DATA.

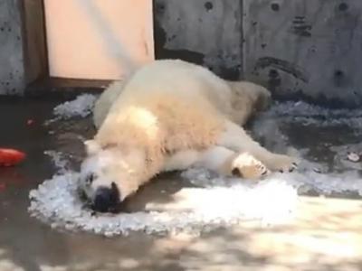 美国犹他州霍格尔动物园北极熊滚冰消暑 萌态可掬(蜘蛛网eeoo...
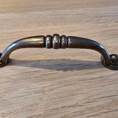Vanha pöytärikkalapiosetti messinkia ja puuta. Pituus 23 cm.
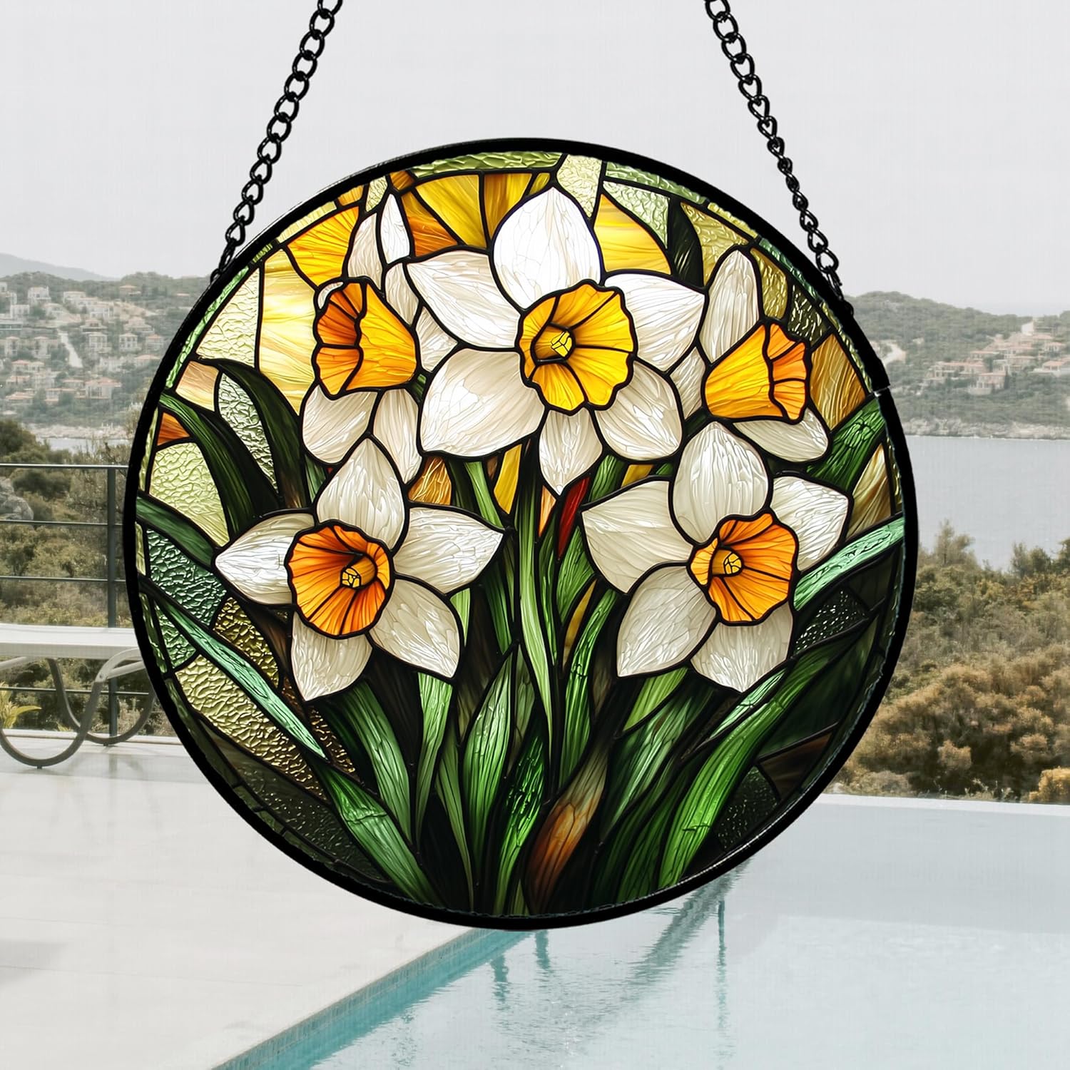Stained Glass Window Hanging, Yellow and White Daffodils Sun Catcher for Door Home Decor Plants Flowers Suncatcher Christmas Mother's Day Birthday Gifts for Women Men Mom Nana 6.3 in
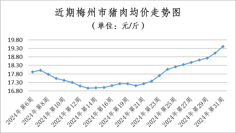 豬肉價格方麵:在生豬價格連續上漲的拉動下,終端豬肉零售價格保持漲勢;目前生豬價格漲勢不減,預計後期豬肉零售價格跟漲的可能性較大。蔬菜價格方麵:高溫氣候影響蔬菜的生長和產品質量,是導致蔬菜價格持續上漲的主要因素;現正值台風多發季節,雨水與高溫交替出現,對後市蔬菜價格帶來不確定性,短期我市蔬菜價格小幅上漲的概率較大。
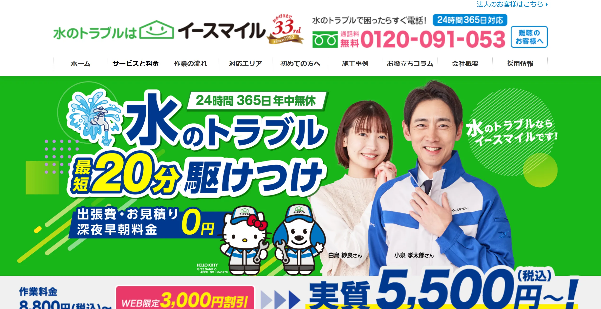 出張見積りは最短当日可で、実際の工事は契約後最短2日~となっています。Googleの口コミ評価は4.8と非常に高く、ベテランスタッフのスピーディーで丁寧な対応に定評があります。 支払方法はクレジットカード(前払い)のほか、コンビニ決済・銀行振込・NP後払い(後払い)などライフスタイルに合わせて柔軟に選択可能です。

AIM OF THE EXERCISE.
The data above must be written out again word for word, without its pictures.

RESPONSE TO THIS EXERCISE.
 美国犹他州霍格尔动物园北极熊滚冰消暑 萌态可掬(蜘蛛网eeoo...
Vanha pöytärikkalapiosetti messinkia ja puuta. Pituus 23 cm.
Stained Glass Window Hanging, Yellow and White Daffodils Sun Catcher for Door Home Decor Plants Flowers Suncatcher Christmas Mother's Day Birthday Gifts for Women Men Mom Nana 6.3 in
 豬肉價格方麵:在生豬價格連續上漲的拉動下,終端豬肉零售價格保持漲勢;目前生豬價格漲勢不減,預計後期豬肉零售價格跟漲的可能性較大。蔬菜價格方麵:高溫氣候影響蔬菜的生長和產品質量,是導致蔬菜價格持續上漲的主要因素;現正值台風多發季節,雨水與高溫交替出現,對後市蔬菜價格帶來不確定性,短期我市蔬菜價格小幅上漲的概率較大。
 出張見積りは最短当日可で、実際の工事は契約後最短2日~となっています。Googleの口コミ評価は4.8と非常に高く、ベテランスタッフのスピーディーで丁寧な対応に定評があります。 支払方法はクレジットカード(前払い)のほか、コンビニ決済・銀行振込・NP後払い(後払い)などライフスタイルに合わせて柔軟に選択可能です。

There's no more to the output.